Ahmed Shahnur, Mohan Ganesh, Hulsman Luci, Greene Arin K, Shaheen Muhammad, Sinha Mithun, Hassanein Aladdin H
From Division of Plastic Surgery, Indiana University School of Medicine, Indianapolis, Ind.
Department of Plastic and Oral Surgery, Boston Children's Hospital, Harvard Medical School, Boston, Mass.
Plast Reconstr Surg Glob Open. 2024 May 17;12(5):e5824. doi: 10.1097/GOX.0000000000005824. eCollection 2024 May.

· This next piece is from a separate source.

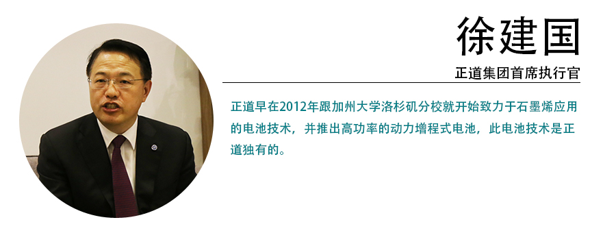 徐建国:我们的电池叫石墨烯超级电池。当然坦率的讲,石墨烯电池这个概念已经被滥用了。正道从2012年开始致力于研究石墨烯,并将其用于电池开发,在全球范围内也是此研究领域最早的的公司之一。石墨烯这个概念从2010年获得诺贝尔奖之后被大家知晓,在2014-2015年之间在中国开始受到关注。事实上,正道早在2012年跟加州大学洛杉矶分校就开始致力于石墨烯应用的电池技术,原因非常简单,因为我们2008年开始进入清洁能源汽车领域之时,就意识到电池是核心中的核心,所以在早期绝大部分时间是在研发电池系统。早期的研发也走了一些弯路,因此我们在2012年开始放弃了磷酸铁锂,转而寻求更好的技术——石墨烯,并推出高功率的动力增程式电池,此电池技术是正道独有的。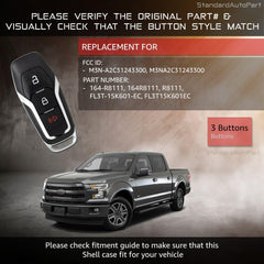 3 Button Smart Proximity Key 315 Mhz for Ford F-150 F-250 Explorer M3N-A2C31243800 164-R8111 R8111 5926057 (Shell Case)

Breast cancer-related lymphedema results in chronic upper limb swelling with subcutaneous deposition of fluid and fibroadipose tissue. Morbidity includes psychosocial distress, infection, and difficulty using the extremity. Operative management includes excisional procedures such as suction-assisted lipectomy to reduce abnormal subcutaneous fibroadipose tissue to improve limb volume. Patients who have had postmastectomy breast reconstruction often benefit from fat grafting. This report introduces the concept of fat grafting the breast using the lymphedematous arm as a donor site. This technique improves the volume of the limb by removing the excess subcutaneous adipose, and at the same time reconstructs the breast without adding a donor site not related to the breast cancer-related lymphedema.
乳腺癌相关的淋巴水肿会导致上肢慢性肿胀,伴有液体和纤维脂肪组织的皮下沉积。其发病包括心理社会困扰、感染以及使用该肢体困难。手术治疗包括切除手术,如抽脂辅助脂肪切除术,以减少异常的皮下纤维脂肪组织,从而改善肢体体积。接受乳房切除术后乳房重建的患者通常受益于脂肪移植。本报告介绍了使用淋巴水肿手臂作为供区进行乳房脂肪移植的概念。该技术通过去除多余的皮下脂肪来增加肢体体积,同时重建乳房,而无需增加与乳腺癌相关淋巴水肿无关的供区。